Conversation with Kelly Copper: “Film is a medium of transmission – not only of story, but of spirit”
Karin Schiefer: DIE KINDER DER TOTEN is a hybrid project in which theatre, performance, literature and film merge into one another. It is not your first project that combines performance and filmmaking. What does the medium of film add to your work as performance artists?
Kelly Copper: Film has always been a big inspiration for us, and our connection to it is old and deep. We used to live pretty much next door to Anthology Film Archives in New York, and saw everything from silent films through to the 1960s avant-garde works of Jack Smith, Ken Jacobs, Andy Warhol, Tony Conrad, Jacques Rivette, etc. Their work was a continuous reminder that you could have poor means – broken cameras, stolen film, borrowed costumes, untrained actors – and still set a high standard for the work itself.
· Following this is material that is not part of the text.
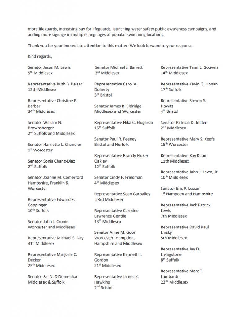 Learning how to swim should be a critical life skill available to everyone. Rather than pursuing swimming bans or draconian fines, we urge DCR and the Baker Administration to immediately expand efforts statewide that will improve water safety and help prevent future tragic drownings.
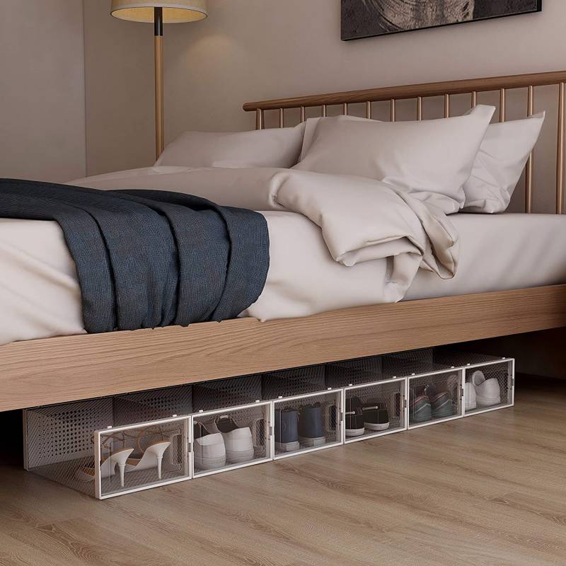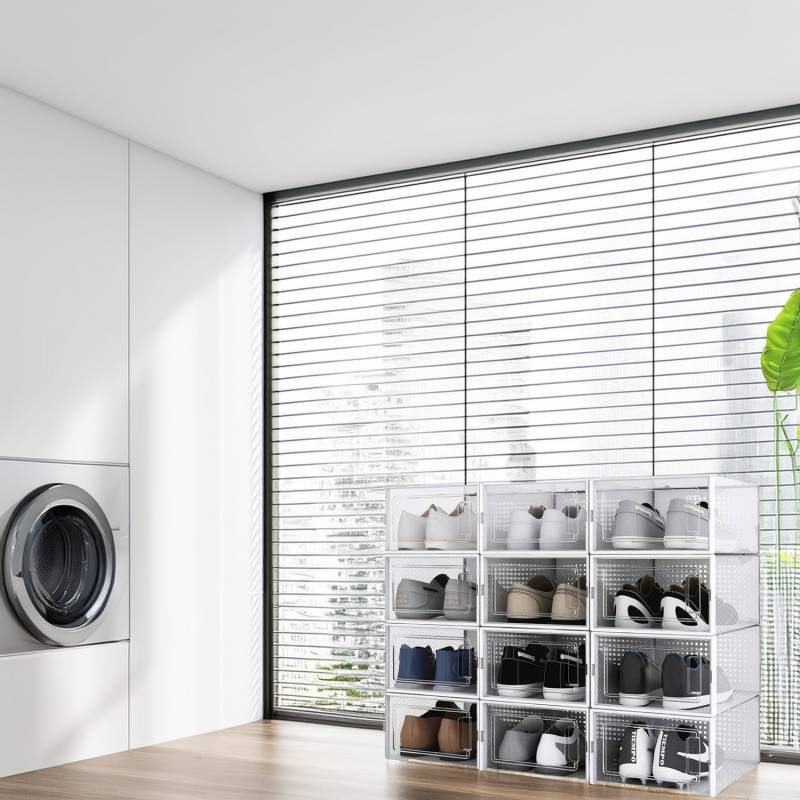 Organiser vos chaussures n’a jamais été aussi simple et ludique avec ce range chaussure de large format transparent et blanc, pack de 12 boites pour rangers vos baskets, talons, ballerines, sandales et bien plus encore !

What film gives us in particular as performing artists is a way of capturing and preserving accidents, inspiration, singular poetic gifts of nature, of chance. In theatre, you always have to be able to repeat. Theatre is about trying to keep everything alive in the moment, but you must repeat it from night to night. Working with film has allowed us to capture once-in-a-lifetime moments in time – those magic inspirational things that usually just happen during rehearsals when you are working on a piece that is strictly theatre. When we record them on film or video, we can actually incorporate them precisely into the work itself, and they become part of the content, which is very important to us.
In the case of DIE KINDER DER TOTEN, there is an additional literary layer in the form of one of the major, yet not very accessible, novels by Nobel laureate Elfriede Jelinek. Were you already familiar with her novels? How did you encounter this text? What were your first impressions?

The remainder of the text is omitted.